The US fertility rate fell off a cliff between 1960 and 1975. We have been under the replacement rate since the 70s which means that we should have already seen a negative economic impact. When people retire from the workforce, there should not be enough new workers entering the workforce to fill all those jobs. Of course, some jobs don't need to be filled due to automation and process improvements, but in general, we should have been seeing inflation as the savings of retirees flood into an economy with less workers to produce goods and services (basic econ, prices settle based on supply and demand, more money and less goods/services equals inflation).
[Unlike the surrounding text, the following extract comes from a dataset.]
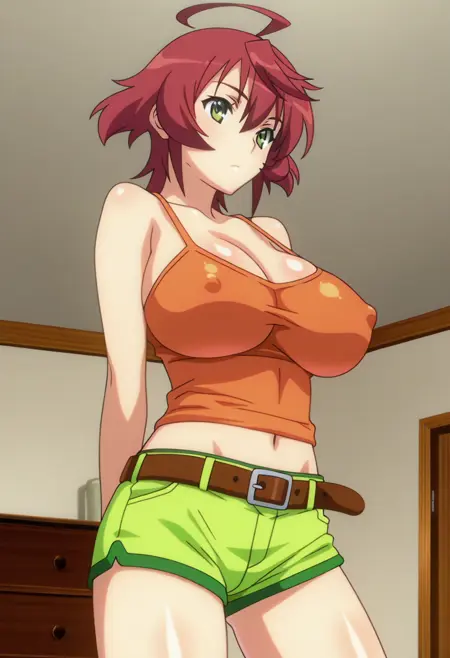 Yurine(红发):yurineh,1girl,solo,green eyes,red hair,short hair,ahoge,large breasts,orange tank top,cleavage,covered nipples,midriff,navel,green shorts,belt,impossible clothes,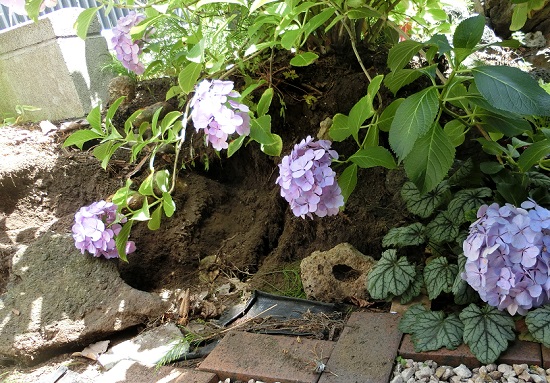 チョットお疲れ気味ですが作業は続きます。カルミナ掘りを始めました。足場に生えてた雪柳とモミジは捨てるつもりなので踏み荒らしてしまいましたが、雪柳の1部を堀り鉢植えにしました。生きてる植物を捨てるのは忍びない、だけど植える場所がない、だけど・・・・取りあえず鉢植えにして、来春考えましょこのピンクのカルミナの他に、鉢植えで赤のカルミナも持ってます。六角形の花が可愛くて好きなんです。カルミナは新しい庭に植えるので、ツツジスペースに仮植えします。アジサイは花や余計な枝を切り、スッキリさせて堀上げ、北庭のウドが生えていた場所に仮植えしました。このアジサイはピンクなので、ツツジスペースの酸性土には植えられません。さて、何所に植えるんでしょう? ・・・まぁ、来年考えようっと来年考える事が多くなりそうです

The reason we haven't, in my understanding, is that we've been padding our population with immigration for decades. The last few years, immigration has slowed to a trickle as Covid policies limited mobility. Of course, all real world problems are complex and have many causal factors, and in this case, disruption to production and supply chains from Covid policies as well as the war in Ukraine are certainly impacting our economy. But given the general desperate need for workers as well as the atrociously high inflation rate, I think the largest driving factor is that demographic cliff. As of the 1990 census, 12.5% of the population was 65+ (a good stand in for "retired"). In 2000, it was 12.4%, but in 2010 it jumped to 13.1% and in 2020 it was 13.9%. Current predictions have us hitting 20% by 2030. The glut of demand that's going to be generated by our top-heavy elder generation is going to fall on a class of producers that is smaller than ever, which is going to keep inflation high. Even if people started having tons of kids tomorrow, we'd need 2 decades before those new kids entered the workforce and started producing. Without a massive boost to immigration, I see no way around surging inflation and eventual economic collapse. So it seems to me that we should be practically begging people to come here, especially from cultures that are more fecund, as most developing nations are. We need the people to fill jobs and we need to bring the birth rate back up so that we don't collapse under the weight of a retired class that is not just outnumbering new workers, but are living longer than ever as well.

Again, perhaps there is something I'm just completely missing. But it seems to me that not only is there no real value in even clinging to existing immigration policies, we should be making it easier to immigrate here. I don't see any concern that is as compelling as the demographic cliff to counter that argument.